Work required
Please reproduce all of the data exactly as it appears, but skip the pictures.

Information provided
========================

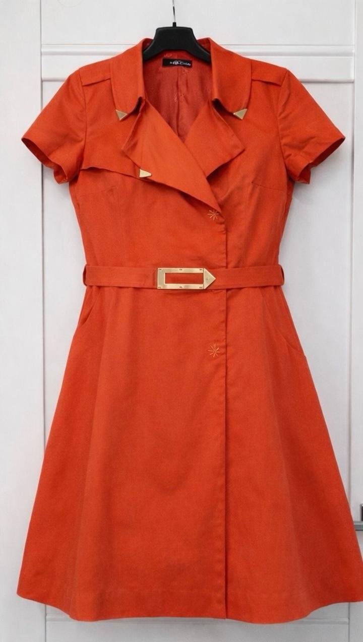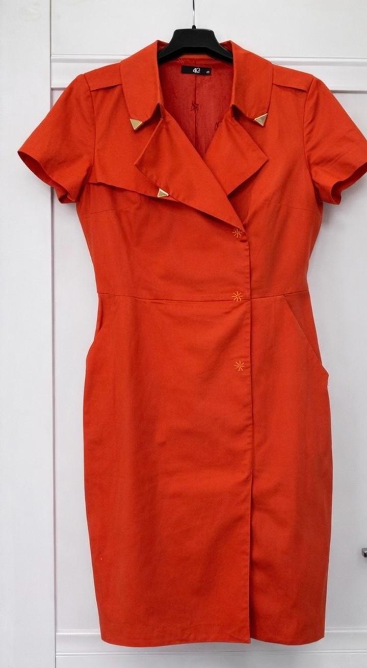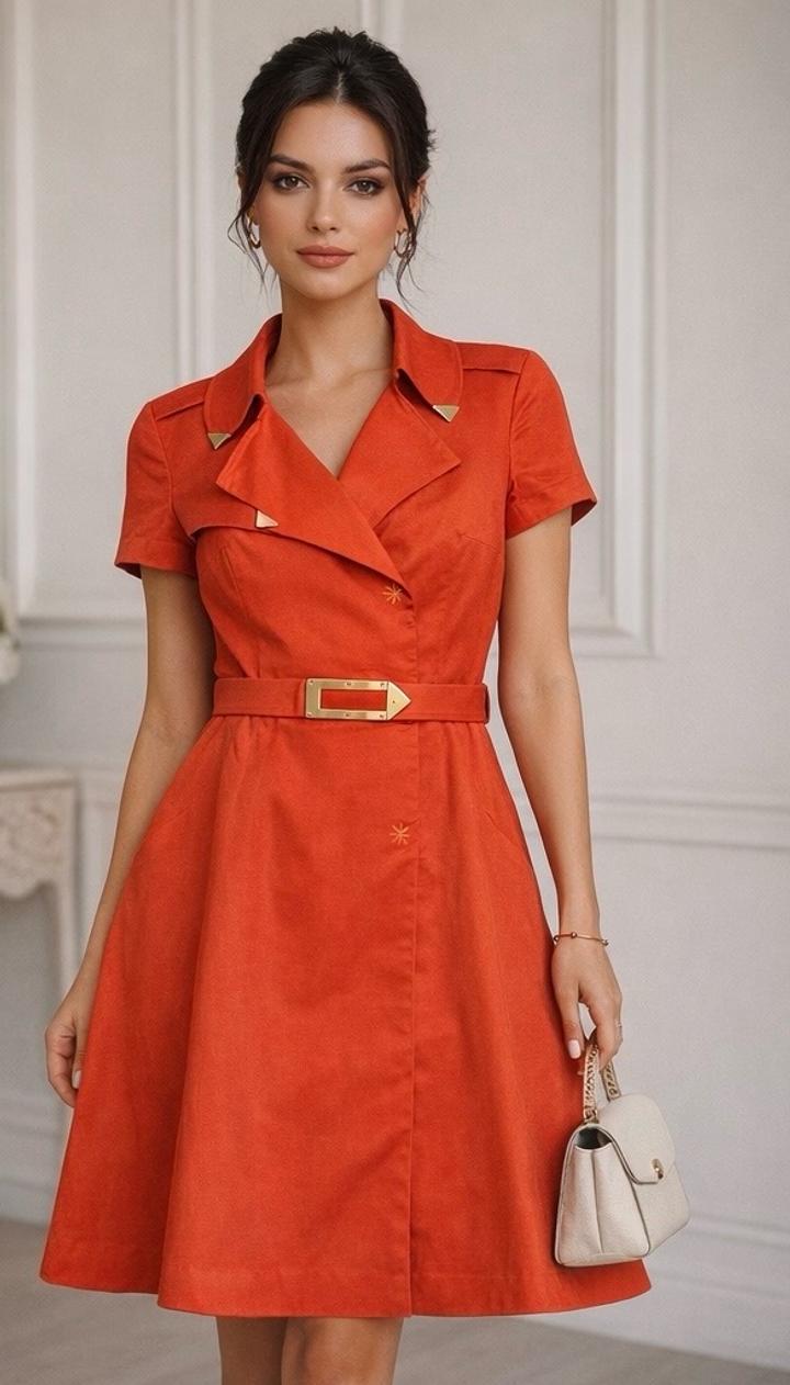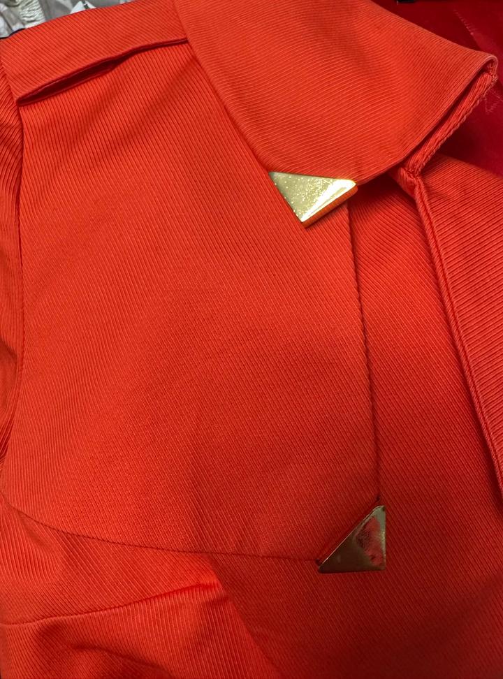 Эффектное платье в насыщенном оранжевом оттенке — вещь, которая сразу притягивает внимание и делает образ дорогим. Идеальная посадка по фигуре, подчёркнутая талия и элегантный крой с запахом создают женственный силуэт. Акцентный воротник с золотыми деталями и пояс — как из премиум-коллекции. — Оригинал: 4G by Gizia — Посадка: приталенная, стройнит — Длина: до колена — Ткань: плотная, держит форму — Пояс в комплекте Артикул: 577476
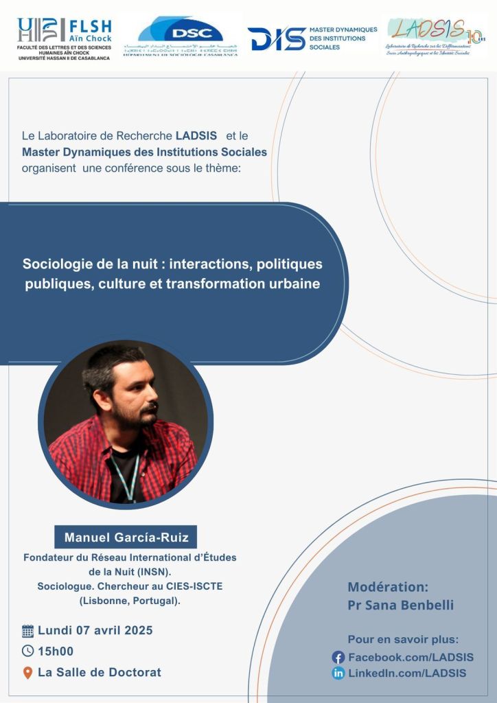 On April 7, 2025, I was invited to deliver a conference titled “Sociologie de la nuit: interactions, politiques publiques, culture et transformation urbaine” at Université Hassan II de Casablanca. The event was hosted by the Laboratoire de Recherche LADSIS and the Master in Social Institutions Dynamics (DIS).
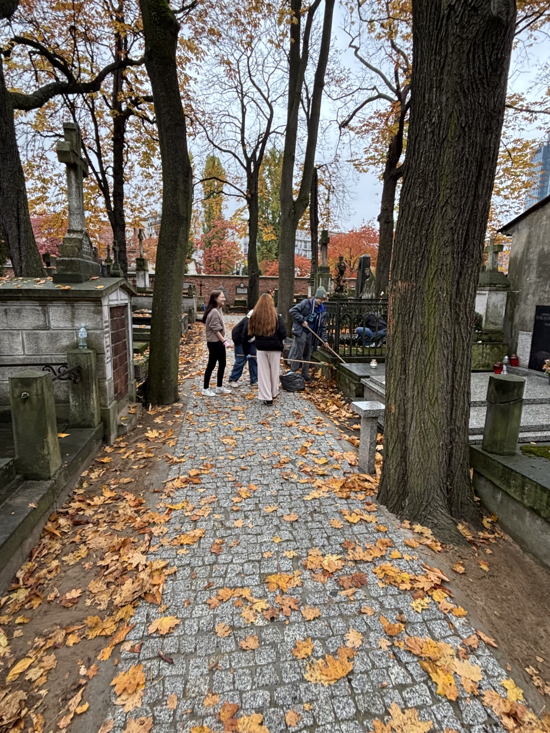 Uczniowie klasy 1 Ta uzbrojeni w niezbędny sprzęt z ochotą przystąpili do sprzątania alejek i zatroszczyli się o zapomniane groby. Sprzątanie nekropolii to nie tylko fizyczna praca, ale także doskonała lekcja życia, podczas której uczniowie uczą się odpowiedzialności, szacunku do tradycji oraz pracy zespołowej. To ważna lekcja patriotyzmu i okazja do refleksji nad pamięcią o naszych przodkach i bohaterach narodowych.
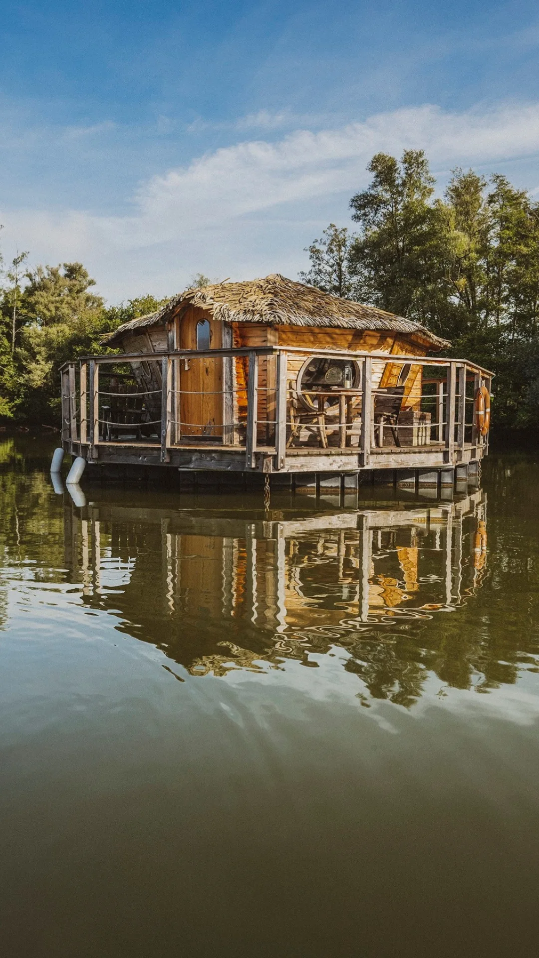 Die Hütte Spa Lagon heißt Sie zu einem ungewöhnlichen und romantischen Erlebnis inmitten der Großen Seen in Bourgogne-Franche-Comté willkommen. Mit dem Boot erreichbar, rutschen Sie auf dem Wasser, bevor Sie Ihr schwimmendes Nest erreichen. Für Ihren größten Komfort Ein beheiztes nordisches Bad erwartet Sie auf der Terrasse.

========================

Answer to this task
 Эффектное платье в насыщенном оранжевом оттенке — вещь, которая сразу притягивает внимание и делает образ дорогим. Идеальная посадка по фигуре, подчёркнутая талия и элегантный крой с запахом создают женственный силуэт. Акцентный воротник с золотыми деталями и пояс — как из премиум-коллекции. — Оригинал: 4G by Gizia — Посадка: приталенная, стройнит — Длина: до колена — Ткань: плотная, держит форму — Пояс в комплекте Артикул: 577476
 On April 7, 2025, I was invited to deliver a conference titled “Sociologie de la nuit: interactions, politiques publiques, culture et transformation urbaine” at Université Hassan II de Casablanca. The event was hosted by the Laboratoire de Recherche LADSIS and the Master in Social Institutions Dynamics (DIS).
 Uczniowie klasy 1 Ta uzbrojeni w niezbędny sprzęt z ochotą przystąpili do sprzątania alejek i zatroszczyli się o zapomniane groby. Sprzątanie nekropolii to nie tylko fizyczna praca, ale także doskonała lekcja życia, podczas której uczniowie uczą się odpowiedzialności, szacunku do tradycji oraz pracy zespołowej. To ważna lekcja patriotyzmu i okazja do refleksji nad pamięcią o naszych przodkach i bohaterach narodowych.
 Die Hütte Spa Lagon heißt Sie zu einem ungewöhnlichen und romantischen Erlebnis inmitten der Großen Seen in Bourgogne-Franche-Comté willkommen. Mit dem Boot erreichbar, rutschen Sie auf dem Wasser, bevor Sie Ihr schwimmendes Nest erreichen. Für Ihren größten Komfort Ein beheiztes nordisches Bad erwartet Sie auf der Terrasse.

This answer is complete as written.